Les nuisibles
Ce ne sont pas ceux que l'on croit.
Les miens sont équipés de deux pattes et deux bras chacun, surmontés d'une boîte crânienne vierge de tout autre élément que de vent ou éventuellement d'eau de mer à la belle saison, lorsqu'ils vont se baigner.
Comparé à la population locale, le nuisible ne représente qu'un infinitésimal pourcentage, ce qui ne l'empêche pas d'occasionner des dégâts considérables dans le biotope.
Parmi les spécimens les plus remarquables, arrêtons-nous sur une certaine Faustine, fleuron de ce que l'on appelle le troisième âge pour toute l'énergie dont elle fait preuve dès l'aube. A l'aide d'un doigt pourvu d'un ongle pouvant à l'occasion servir de griffe, tac, elle ouvre la radio. Un bourdonnement continu empli l'air du matin, faisant fuir les derniers chats errants, réveille les oiseaux et les voisins. Des fenêtres claquent: on tente de s'isoler pour retourner encore quelques minutes sous la couette.
A sept heures, Sérafino, prénom qui lui sied comme un tutu à un bonobo du Gabon, entre en scène au volant d'une guimbarde d'avant-guerre (la première) pétaradante dont le pot d'échappement méphitique éructe de nocives fumées. Il reviendra ainsi dix, quinze, vingt fois dans la journée, car tel un écureuil avec ses noisettes, il oublie toujours soit un tournevis, soit un journal, soit n'importe quel objet caché dans son hangar. Nul ne s'aviserait de lui en faire reproche, il a le verbe haut et arracherait encore, dans sa colère, un pan de mur en reculant brutalement dans la ruelle étroite.

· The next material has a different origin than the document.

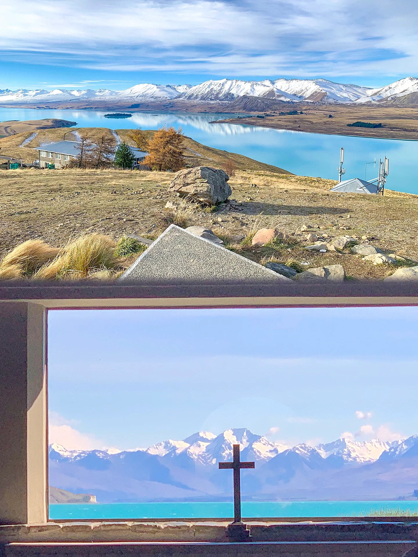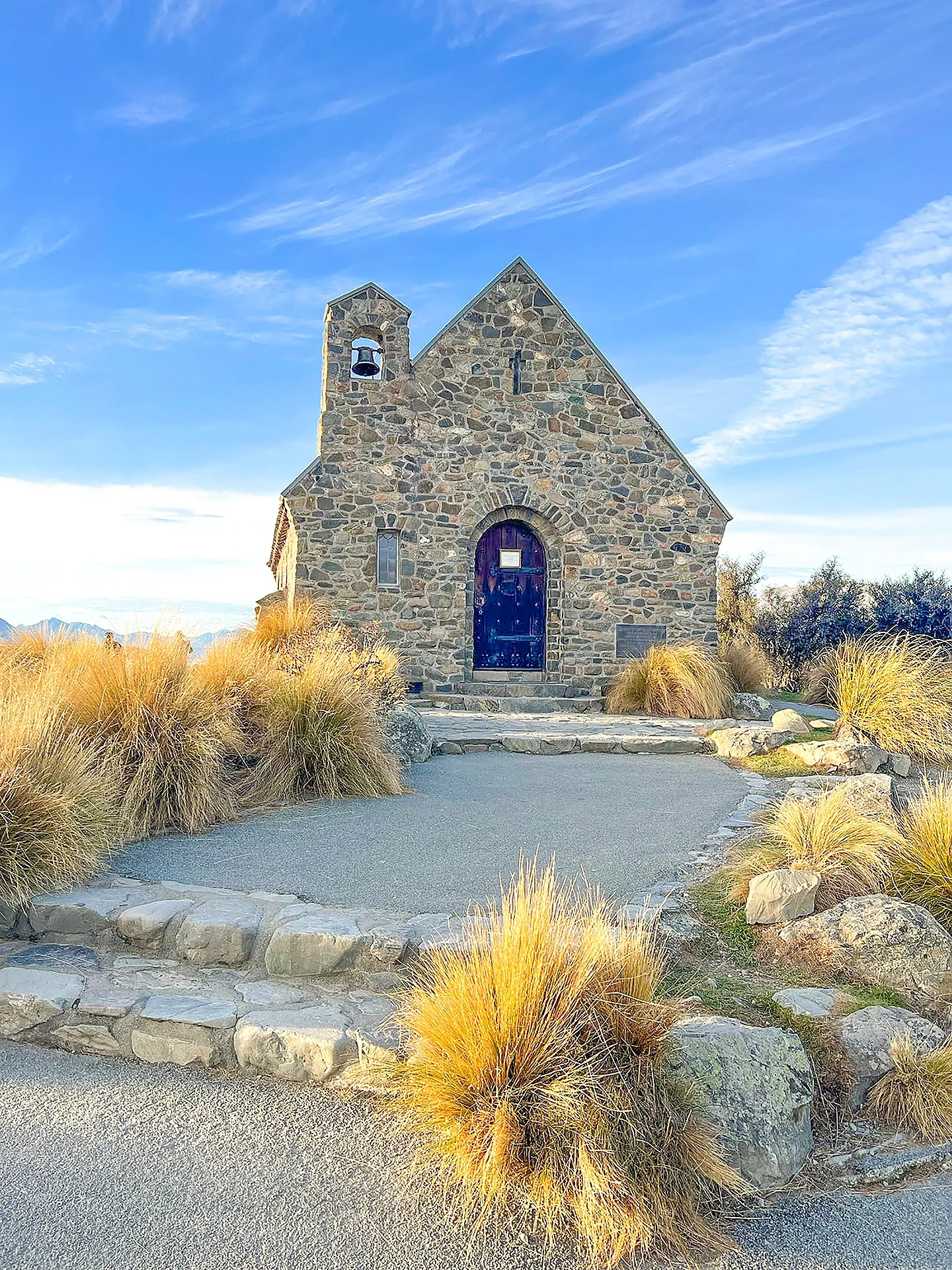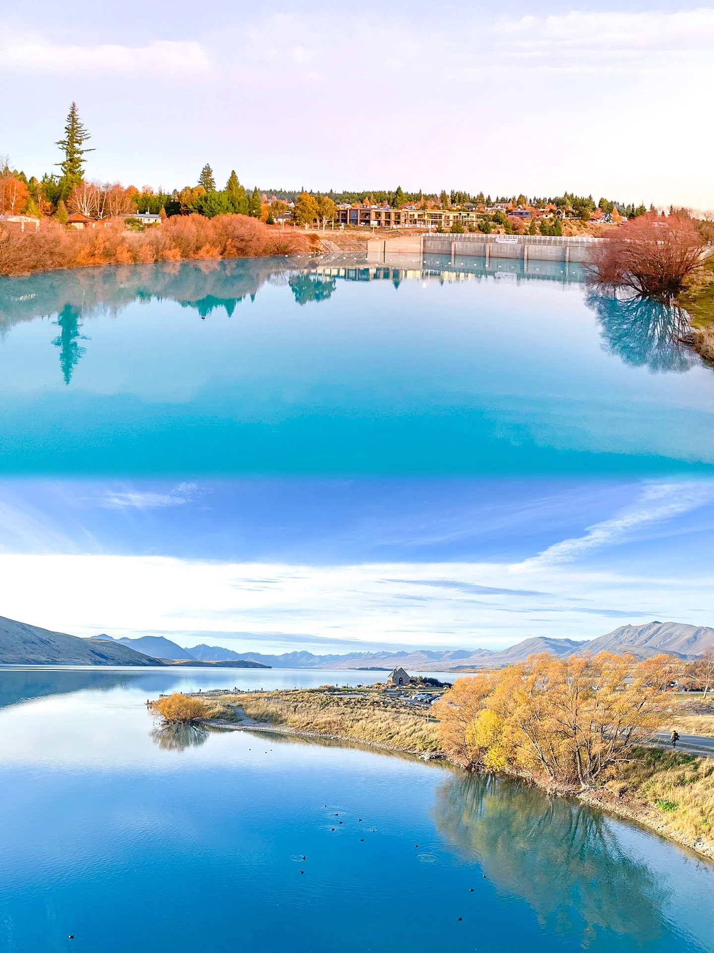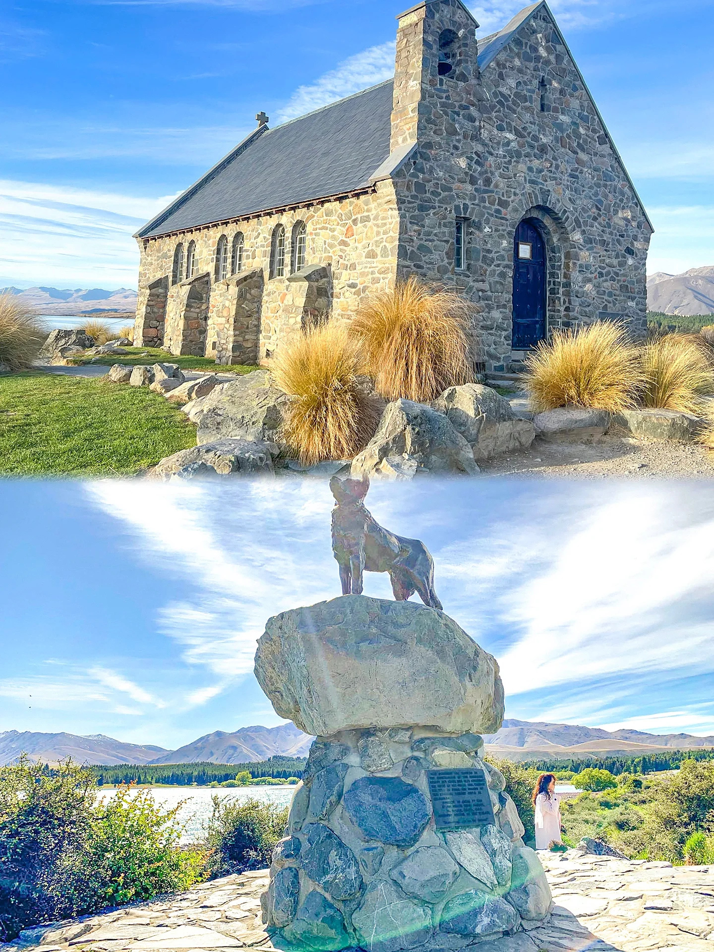 石砌而成的小巧教堂静静的矗立在Lake Tekapo湖畔,无论哪一个季节都美的像一幅画🏞️

8 heures, un troupeau de mastodontes indiens rejoue la bataille de l'Hydaspe, quinze éléphants de cinq tonnes chacun se préparent à la charge. Ah non, c'est seulement au-dessus de moi: on fait le ménage. Une machine à faire le pain très poussive va tourner deux heures durant en vue de sortir un pâton plus mauvais que celui du boulanger.
Un peu plus tard, la bipède du 35 s'étire sur son balcon, ouvre grand sa cavité buccale d'où s'échappe une logorrhée qui ne s'épuisera qu'au soir tombant. Une élocution sentencieuse, décortiquant chaque mot martelé syllabes par syllabes, ponctuée de vôaaalaaaa calamiteux sort d'un gosier pourvu de haut-parleurs. Sa couvée en prend plein les oreilles mais une fois celle-ci envolée pour l'école, la bavarde déniche encore des victimes dans son téléphone portable.
Enfin, en outsider, nous avons les jumelles au numéro six de la rue en face. Pas plus de douze mois, jolies porcelaines fragiles, deux petites nuisibles immatures en tout sauf en voix. Ni pleurs, ni rires, juste des hurlements que l'on pourrait confondre, dans les meilleurs moments, avec les cris stridents des goélands.
Les goélands, tiens, parlons-en, des goélands. Tout le monde s'accorde pour dire qu'ils représentent avec leur arrogance triomphante au-dessus de nos toits paisibles, la nuisance la plus insupportable du quartier.